Speaking of slowing down, in order to do so, you'll either need to let air-drag slowly slow you down or you'll need to pitch backward to the point that the lift vector starts pulling you backward, i.e. the FPV camera of the quadcopter will to some degree be sticking up into the sky. It's this unsettling feeling of falling backward, or losing view of the horizon, that I avoided in my first two weeks of simulating, that once I embraced and practiced for thirty minutes, gave me control of the speed and altitude of my drone! A frog-leap forward for me! Hence the title of this post is dedicated to this act of trust. Like a child learning to float in the community chlorine tank and having to lean back and relax, I had to learn the pitch back and relax the throttle concept to gain control of my wild-style forward trajectories.
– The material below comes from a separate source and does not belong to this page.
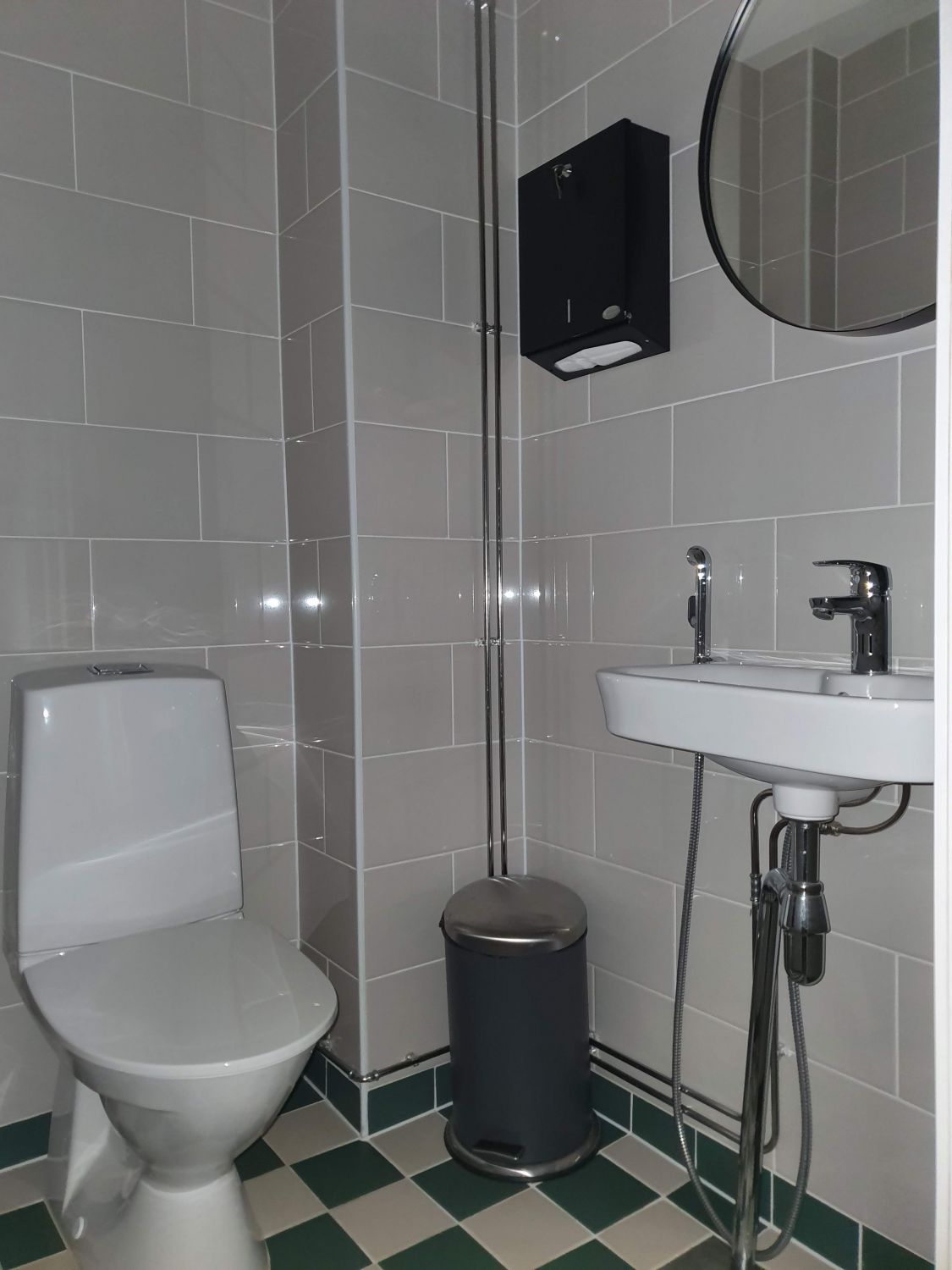 Hyvän kokoinen design-keittiö, mihin mahtuu ruokailupöytä ja kaksi WC-tilaa.

You'll bump and balloon at first on your runs back and forth, but it works! (Or at least it did for me.)
Now for Bank and Yaw: The Coordinated Turn
Bank and Yaw are related like ketchup and cucumbers. Independently they make sense, but together...foggle-woggle. Yaw is the merry-go-round. Bank is the teeter-totter. But neither by itself turns the quadcopter in forward flight (note the italics on forward).
Independently, yaw works to turn the potential vector or trajectory of the sUAS, but only the potential vector and only in a perfect hover before a trajectory has been set. If you're reading this, you will have already succeeded, like me, in performing many skidding turns like a Tokyo drifting car by using yaw alone and then pitching in the new direction you want to go. But truth be told, this drifting was the instigator to many of my crashing headaches up until last week when I started applying the concept of a coordinated turn.
Get this, if pitch and power are dedicated to forward speed and altitude control and a quadcopter newbie can separately gain control of the quad’s direction with the other inputs, bank and yaw, they will have in their grasp all the rudiments of drone flying! GET THIS, if pitch and power are dedicated to forw...okay, reread the last sentence if you want the full effect. Here's the trick:
At Slow Speeds more yaw than bank is needed to maintain a coordinated turn. A coordinated turn is nothing more than the quad not drifting sideways into the turn (a slip) or over-rotating into the turn (a skid).
At High Speeds more bank than yaw is needed to maintain a coordinated turn. (Reread the "A coordinated turn is" sentence above for the full effect ...yada ...yada ...yada.) Try this:
Once you get the hang of the "Pitch Back and Relax" exercise above, set a speed and altitude and then practice coordinating your turn for that speed. It will be a balance of bank and yaw; try banking first and then adding yaw to match. Then change the speed (which will change the turn-radius) and practice setting the new balance of bank and yaw.
A "turn-radius eureka" happens after you have a handle on speed control (pitch and power) and a handle on the coordinated turn (bank and yaw). (And it's not a eureka because you already know it, but here it is anyway):
The slower you go, the sharper you can turn (with a coordinated turn and without losing your forward momentum/speed).
The closer to SR-71 Blackbird speeds you are, the wider your turn will be. In more substratal terminology: if you need to turn more fast...slow down!
Ahh...how relaxing it is when these two aerodynamic relationships are matched up like Romeo and Juliet, and Benedick and Beatrice. Hopefully, my next topics (the aiming point and the twitching-thumbs technique) will prove to be less dramatic.